When she parked behind Dante in their driveway, she reminded herself that he’d be with her. He’d stand by her side and help her work through the fear and anxiety. She had to believe it, she had to find the courage to move past her doubts. She couldn’t allow herself to take the easy road and run from him again, and didn’t want to. Losing their child had devastated her, losing her husband had nearly destroyed her.

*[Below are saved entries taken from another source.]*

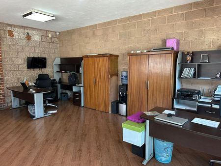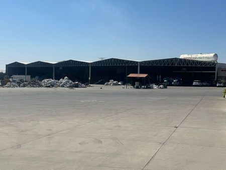 con oficinas, patio de maniobras, con piso de concreto hidráulico, caseta de vigilancia.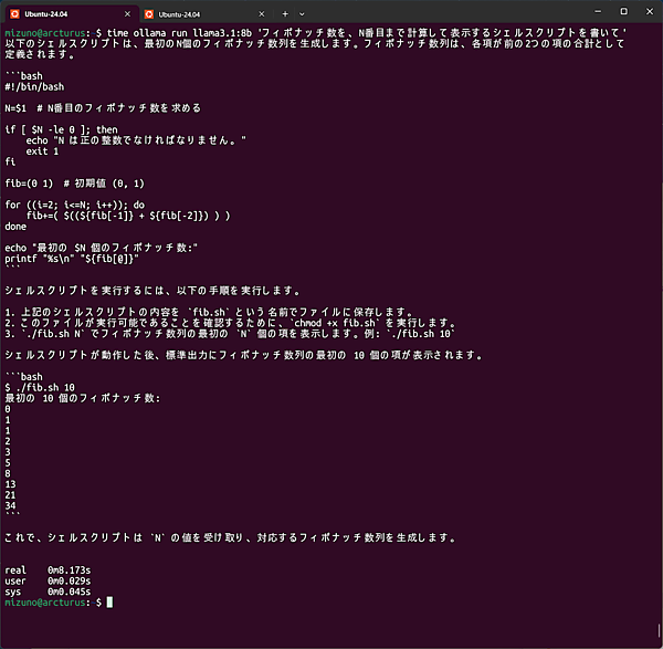$ ollama run llama3.1:8b 'フィボナッチ数を、N番目まで計算して表示するシェルスクリプトを書いて'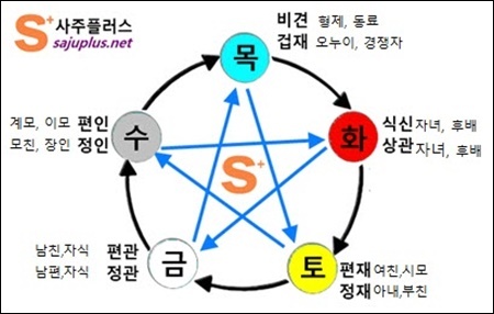 육친적관점 : 직장상사, 남)자녀, 조카, 매부 여)남편, 며느리,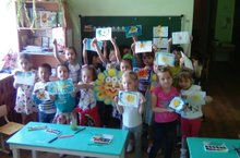Рисуют дети на асфальте,Цветных мелков цветной полет,На голубом ковре из небаЛетит веселый вертолет.Дети сегодня побывали в гостях у яркой и красочной Палитры. Палитра поиграла с ребятами, провела познавательную викторину. А потом дети рисовали цветными мелками на асфальте. -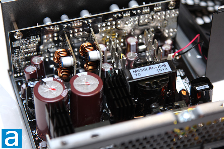 On the secondary side, we can see more Japanese brand capacitors from Chemi-Con rated at 105c. As with modern high efficiency power supplies, all rectifiers produce the +12V out -- while the +5V and +3.3V outputs are generated from the +12V output using a DC to DC converter within the power supply unit. Four Alpha & Omega AOT2142L MOSFETs are responsible for generating the +12V output. The AOT2142L's rated continuous drain current is 120A at 100c, and a pulsed drain current of 600A. It has a RDS(on) value of 0.0019 ohm maximum and 0.00155 ohm typical. Eight Alpha & Omega AON6360 MOSFETs are responsible for generating the +5V and +3.3V outputs. The AON6360's rated continuous drain current is 59A at 100c and a pulsed drain current of 180A. Drain source voltage is rated at 30V, and a RDS(on) value of 0.003 ohm maximum and 0.0025 ohm typical. Meanwhile, a Weltrend WT7527 monitoring IC provides over/under current and over/under voltage protection. The datasheets for all components mentioned in this review can be found on their respective manufacturer's websites.

Drawing in a deep breath, she exited her SUV, then grabbed her bag from the back end. As she closed the door, she noticed the crows circling the house and counted four.

One for sorrow,

Two for mirth;

Three for a wedding,

Four for birth…

If she were superstitious, she wouldn’t take the birds as an ominous omen like she’d joked with Dante yesterday about the thunder and lightning. No, she’d look at the four crows as a positive sign. The house represented sorrow and mirth. It held agonizing and also happy memories. Now she was returning home, not as the new bride she’d been fifteen years ago, but as the wife she hadn’t been since they’d lost their daughter. In a way, this past weekend, today, this moment was a rebirth. Not only of their marriage, but also a reawakening of the woman she’d once been.

“Let me take your bag,” Dante said after grabbing his from the trunk of the Camaro.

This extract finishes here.